Discovery of tiny ant species from India
Updated: Jan 29, 2022
By Anand Harshana
Ants are social insects. They are ubiquitous and so abundant that the biomass of all ants is almost equivalent to the biomass of all the human beings on earth. They live in colonies of thousands and millions of highly coordinated individuals mutually connected by a complex chemical communication system. They play various significant roles in ecosystems like predating over other insects and arthropods, as scavengers, turning and fertilizing the soil, controlling agricultural and horticultural pests, dispersing plant seeds, etc. Presently, India is home to around 850 species falling under 10 subfamilies with more than 100 genera. About 70% of Indian ant species fall under two subfamilies, Myrmicinae and Formicinae. The subfamily Formicinae is represented by 19 genera in India, and they can be identified by the presence of a single node between mesosoma and gaster, and an acidopore at the apex of gaster.
Agraulomyrmex Prins, 1983 is a little-known African ant genus in the subfamily Formicinae with only two described species from South Africa and Zimbabwe. Recently a third species Agraulomyrmex damohensis Harshana & Dey, 2021 has been discovered from India (Oriental region).
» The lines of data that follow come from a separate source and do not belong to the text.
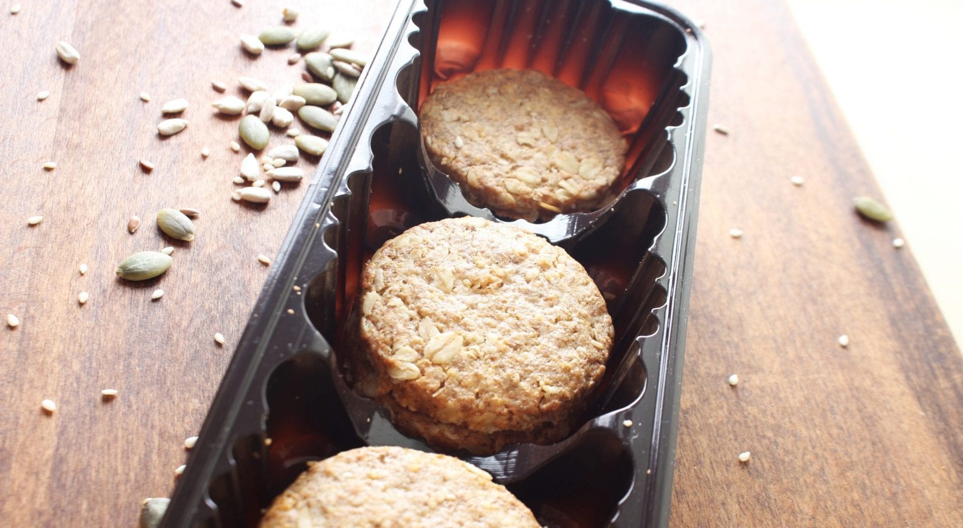 The tray and product conveyors are both on a declined angle to create the maximum parameters for efficient transfer of the biscuits into the tray cells.
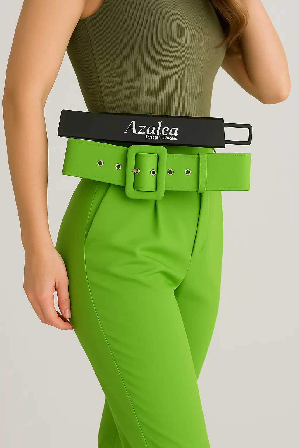 Γυναικείο παντελόνι με ζώνη λαχανί
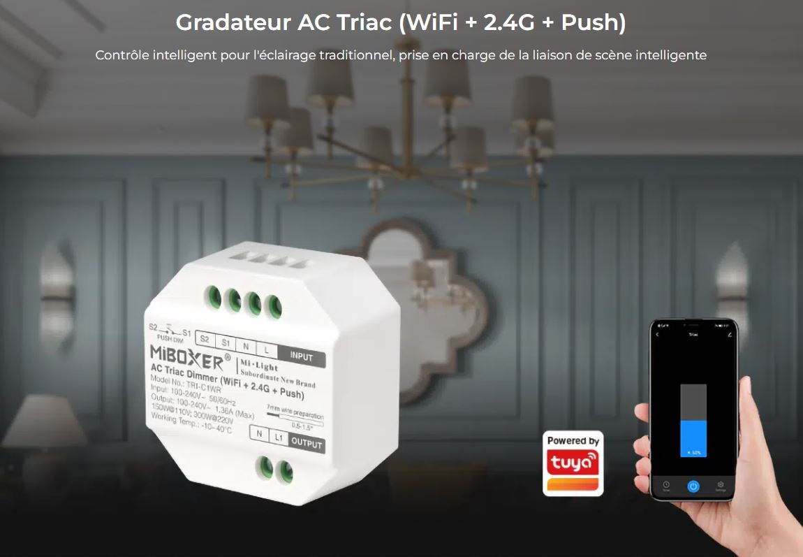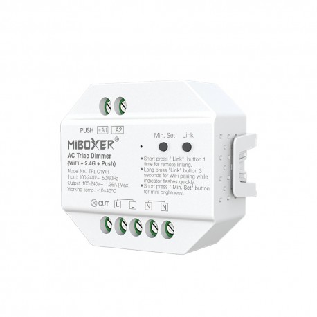 Ce variateur connecté MiBoxer est un dispositif qui vous offre la possibilité de gérer vos éclairages 230V de manière intelligente et flexible. Sa connectivité Wi-Fi et les applications smartphone gratuites telles que "Tuya smart" ou "Smart Life" vous permettent de contrôler l'environnement lumineux de votre maison depuis n'importe quel endroit.
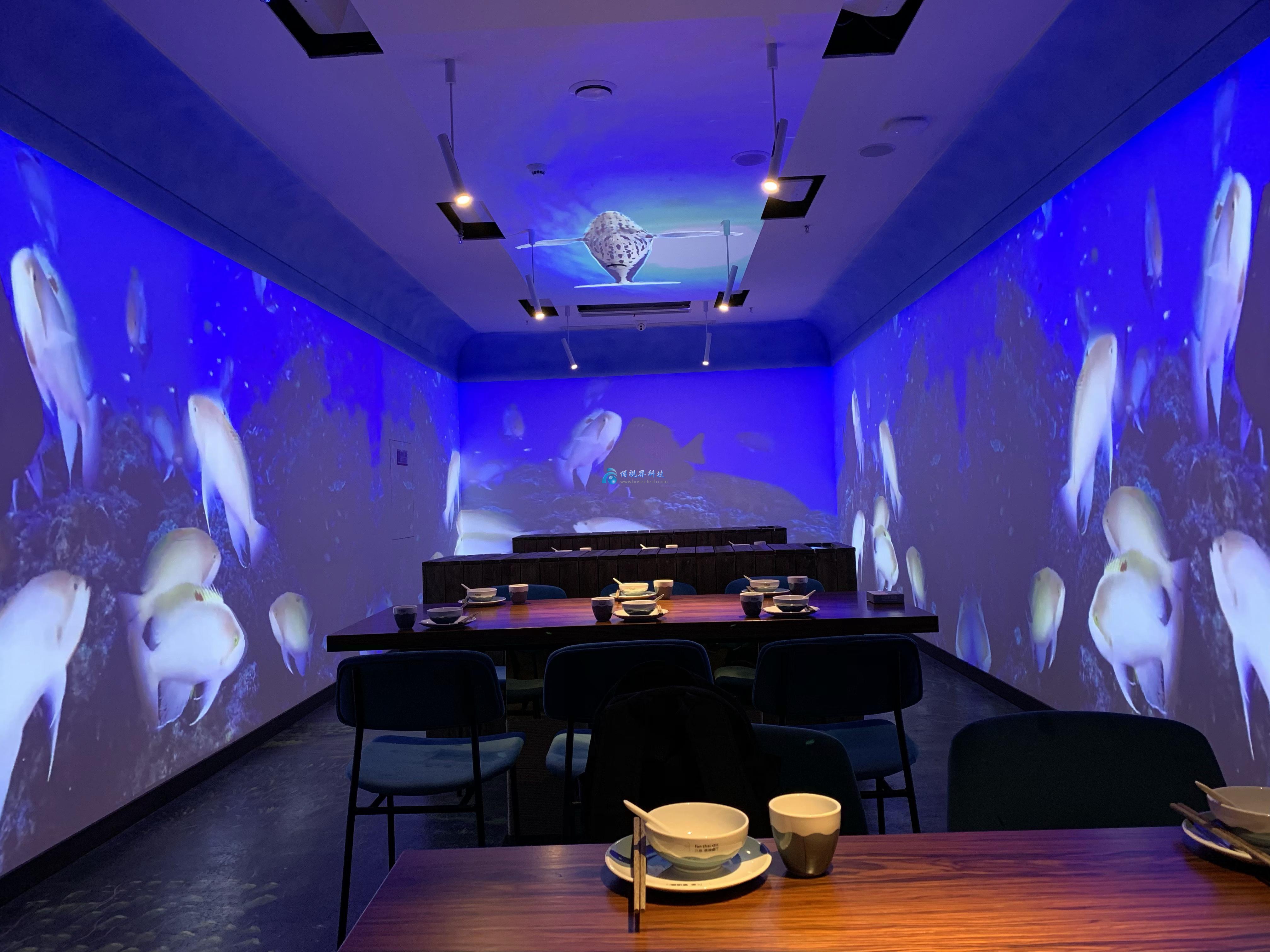 項(xiàng)目共使用五十余臺(tái)工程投影機(jī)為小梅沙海洋世界打造了11處光影展項(xiàng),借助沉浸式、互動(dòng)、折幕、弧幕等豐富的呈現(xiàn)形式,助力探索奇幻迷人的海洋奧秘。
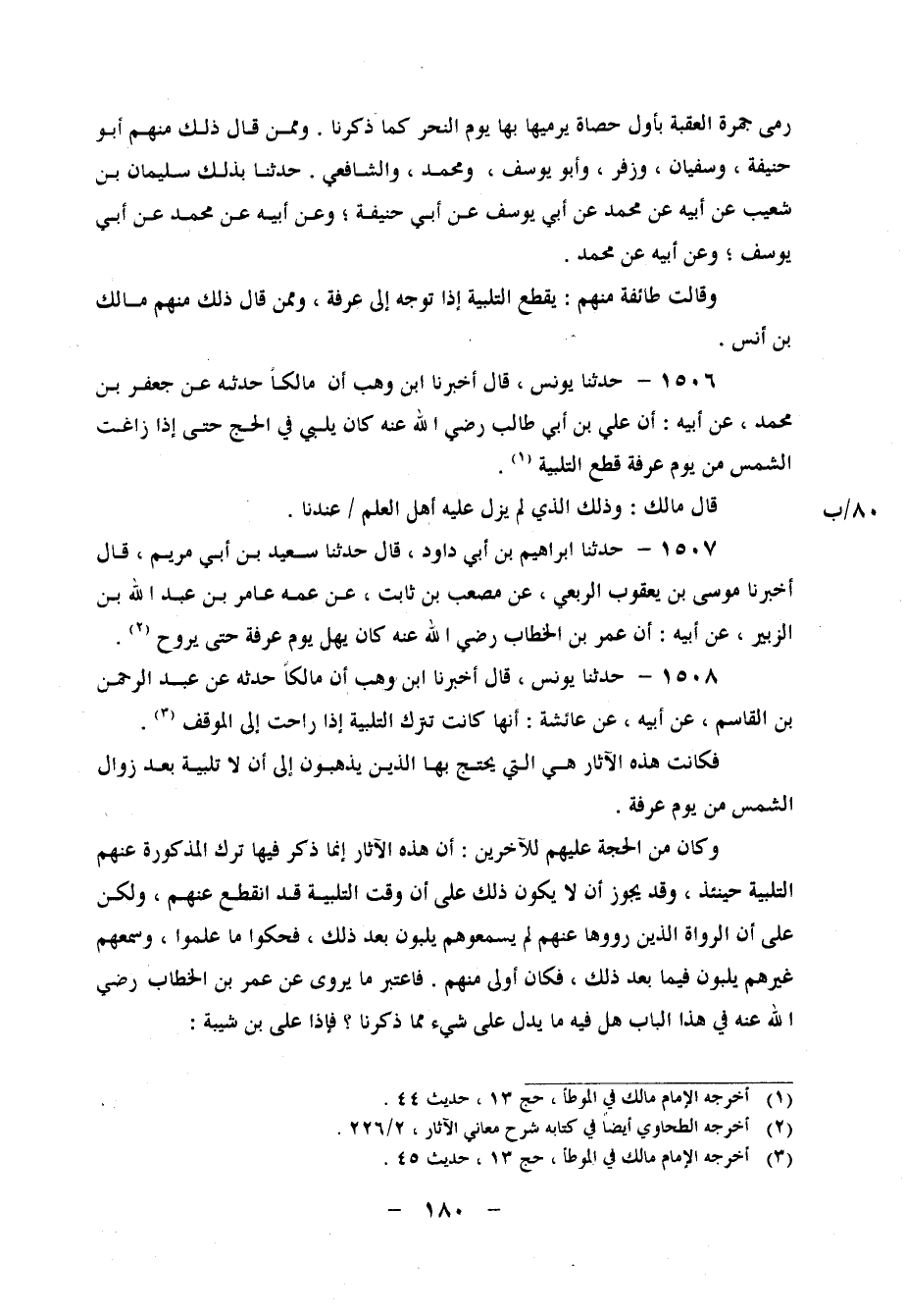 1506 - حَدَّثَنَا يُونُسُ، قَالَ: أَخْبَرَنَا ابْنُ وَهْبٍ، أَنَّ مَالِكًا، حَدَّثَهُ عَنْ جَعْفَرِ بْنِ مُحَمَّدٍ، عَنْ أَبِيهِ، أَنَّ عَلِيَّ بْنَ أَبِي طَالِبٍ رَضِيَ اللهُ عَنْهُ " كَانَ يُلَبِّي فِي الْحَجِّ حَتَّى إِذَا زَاغَتِ الشَّمْسُ مِنْ يَوْمِ عَرَفَةَ قَطَعَ التَّلْبِيَةَ " قَالَ مَالِكٌ: وَذَلِكَ الَّذِي لَمْ يَزَلْ عَلَيْهِ أَهْلُ الْعِلْمِ عِنْدَنَا
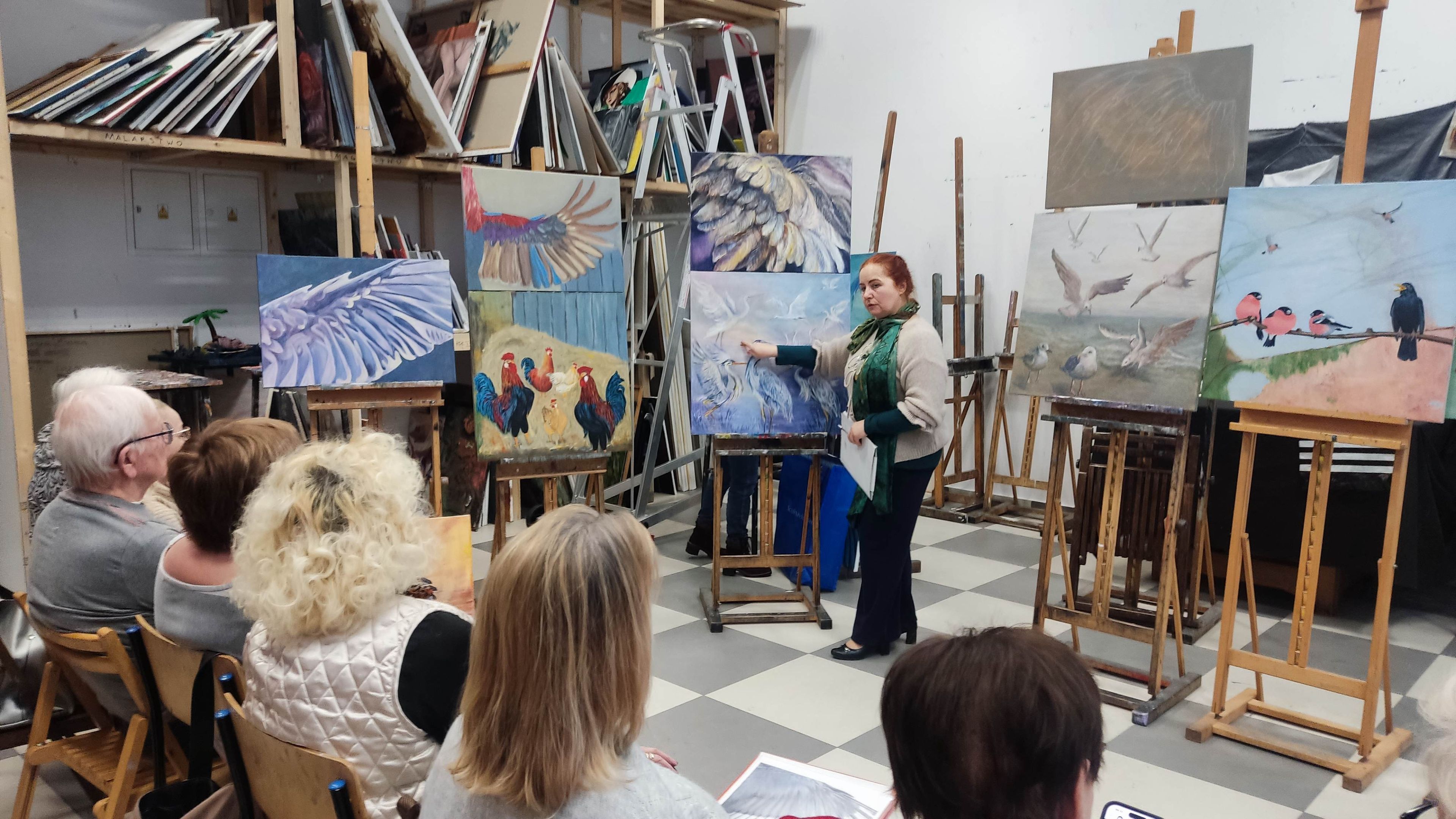 W semestrze tym malowaliśmy obrazy o rozmiarach 70x70 na temat - "Ptaki" oraz 70x50 na temat - "Skrzydło."
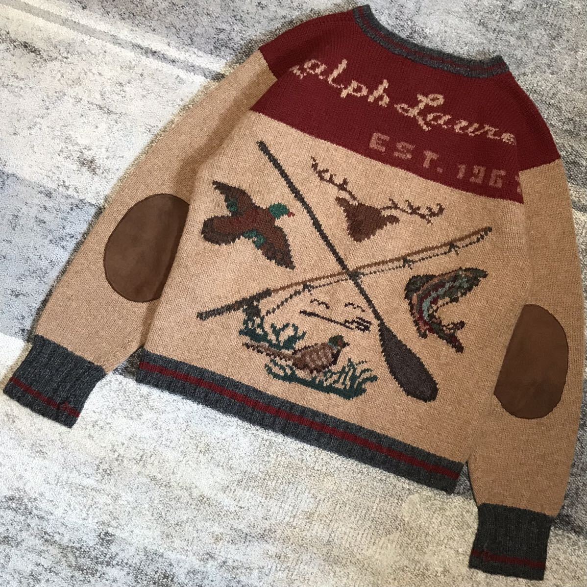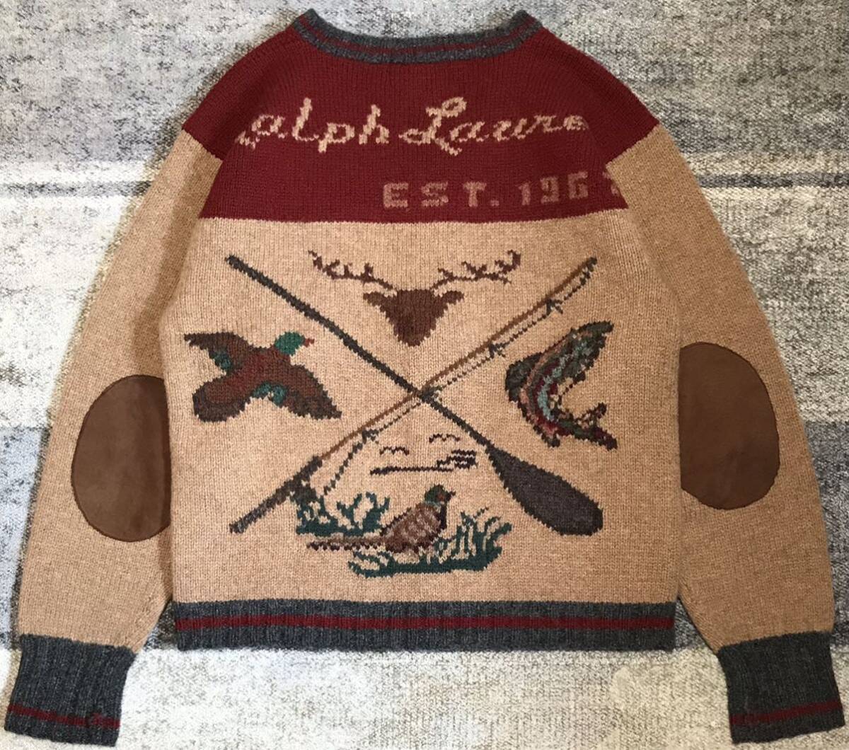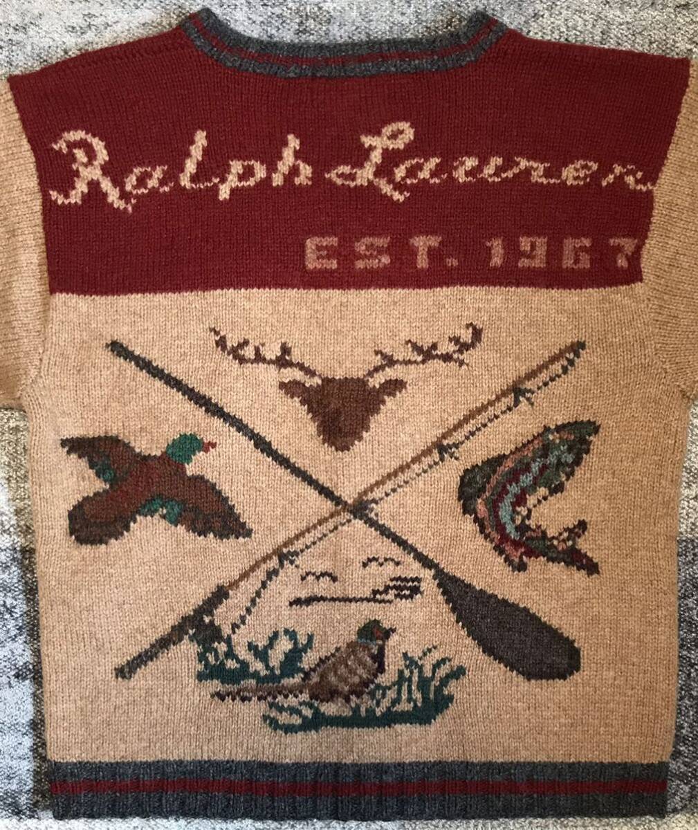 渋いボディに、襟、フロント、裾、袖のライン切替、そしてバックの釣り竿&パドル、鹿、鴨、雉、フィッシュ柄、絶妙な上部のカラー切替に「Ralph Lauren EST.1967」デザインが圧倒的な存在感を放つ、唯一無二の別格の1枚です。
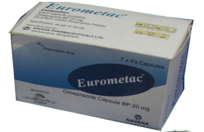 Sự hấp thu omeprazole phụ thuộc vào liều uống. Sự giảm độ acid trong dạ dày liên quan đến diện tích dưới đường cong nồng độ Omeprazole theo thời gian, và không liên quan đến nồng độ trong huyết tương. Thuốc có thể tự làm tăng hấp thu và khả dụng sinh học của nó do ức chế dạ dày bài tiết acid. Thuốc gắn nhiều vào protein huyết tương (khoảng 95%) và được phân bố ở các mô, đặc biệt là ở tế bào viền của dạ dày. Khả dụng sinh học của liều uống một lần đầu tiên là khoảng 35%, nhưng sẽ tăng lên khoảng 60% khi uống tiếp theo mỗi ngày một liều, thuốc đạt tác dụng tối đa sau khi uống 3 – 5 ngày. Tuy nửa đời thải trừ ngắn (khoảng 40 phút), nhưng tác dụng ức chế bài tiết acid lại kéo dài, nên có thể dùng mỗi ngày chỉ 1 lần.
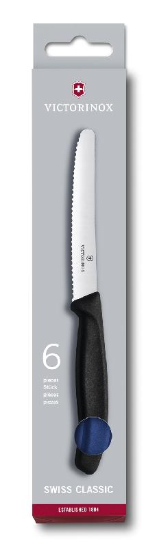 Набор из 6 столовых ножей VICTORINOX SwissClassic, лезвие из нержавеющей стали 11 см с волнистой заточкой, рукоять из полипропилена чёрного цвета, в картонной коробке с подвесом
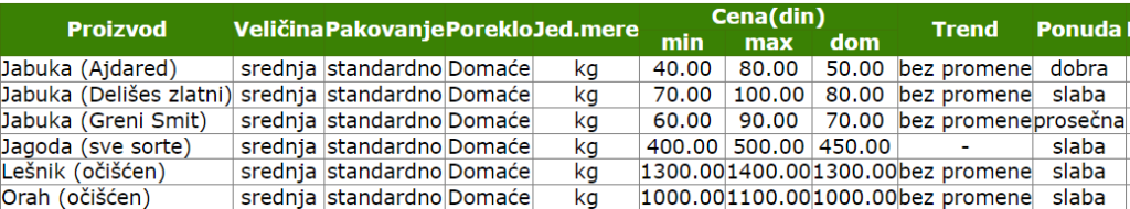 Kao i svake nedelje, reporteri Sistema tržišnih informacija poljoprivrede Srbije (STIPS) vredno su radili i zabeležili aktuelne cene voća i povrća na pijaci, za period od osmog do četrnaestog aprila.
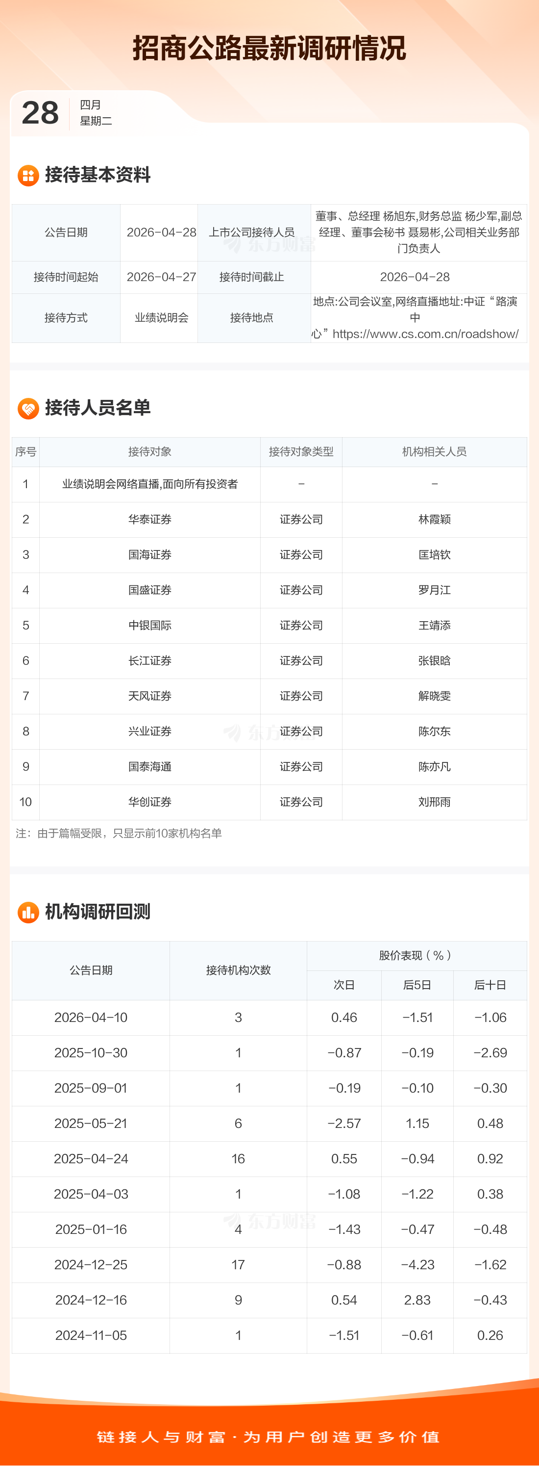 招商公路4月28日公告称,4月27日至4月28日接待业绩说明会网络直播,面向所有投资者等22家机构调研。接待人员包括董事、总经理 杨旭东,财务总监 杨少军,副总经理、董事会秘书 聂易彬,公司相关业务部门负责人。
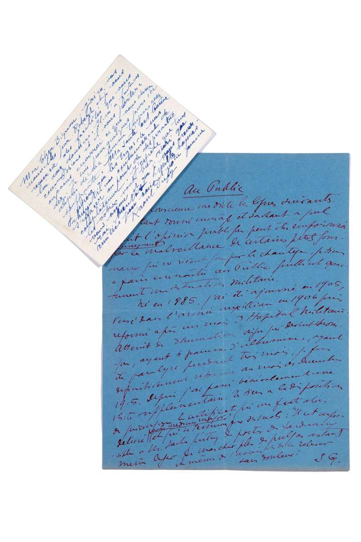 Sacha GUITRY (2 pièces), Pierre LOUYS (1 pièce), Raoul DUFY (1 pièce) et Roger MARTIN DU GARD (2 pièces).

It is the newest species of ant added to the Indian ant fauna. It was discovered from Damoh, Madhya Pradesh. This species is so tiny (1.1 mm) that it remained unnoticed during collection. It was collected inadvertently and it is possibly the smallest ant species in India. It has been placed in the genus Agraulomyrmex based on the structure of mesosoma which is devoid of mesometanotal suture and metanotal groove, presence of nine segmented antennae without a distinct club and absence of ocelli. This discovery paves way for the studies of other small sized ants present around us which stayed unnoticed till date.
For further details, please refer to:
Harshana A. and Dey D. 2021. First record of the ant genus Agraulomyrmex Prins, 1983 (Formicidae: Formicinae) from India, with description of a new species. Oriental Insects, DOI: 10.1080/00305316.2021.2023056
Anand Harshana, a Research Scholar at Division of Entomology, ICAR-IARI, New Delhi-110012, India.